DATASET CONTENT:
▼▼▼

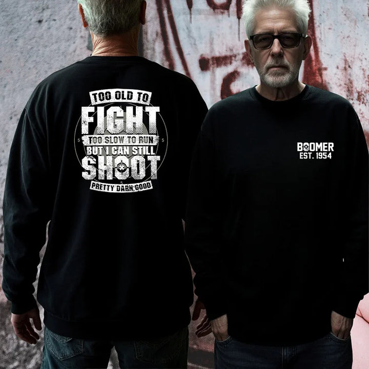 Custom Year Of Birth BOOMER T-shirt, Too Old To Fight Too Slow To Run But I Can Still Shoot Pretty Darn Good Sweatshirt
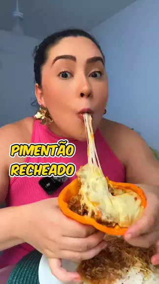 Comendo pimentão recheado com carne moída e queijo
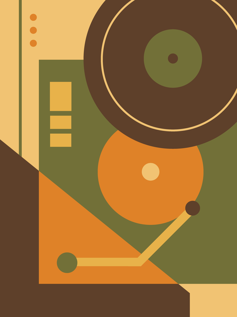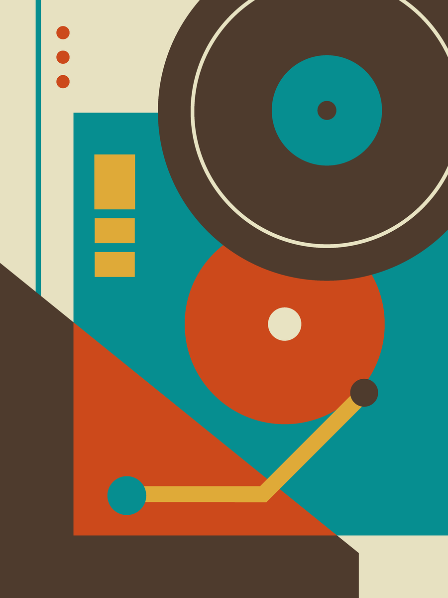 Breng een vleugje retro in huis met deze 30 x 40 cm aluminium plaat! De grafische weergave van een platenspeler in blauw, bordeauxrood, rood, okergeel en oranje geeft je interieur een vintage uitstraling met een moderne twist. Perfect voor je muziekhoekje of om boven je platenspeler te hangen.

▲▲▲

YOUR TASK:
No picture belongs in the copy; return the rest of the listing exactly.

TASK ANSWER:
 Custom Year Of Birth BOOMER T-shirt, Too Old To Fight Too Slow To Run But I Can Still Shoot Pretty Darn Good Sweatshirt
 Comendo pimentão recheado com carne moída e queijo
 Breng een vleugje retro in huis met deze 30 x 40 cm aluminium plaat! De grafische weergave van een platenspeler in blauw, bordeauxrood, rood, okergeel en oranje geeft je interieur een vintage uitstraling met een moderne twist. Perfect voor je muziekhoekje of om boven je platenspeler te hangen.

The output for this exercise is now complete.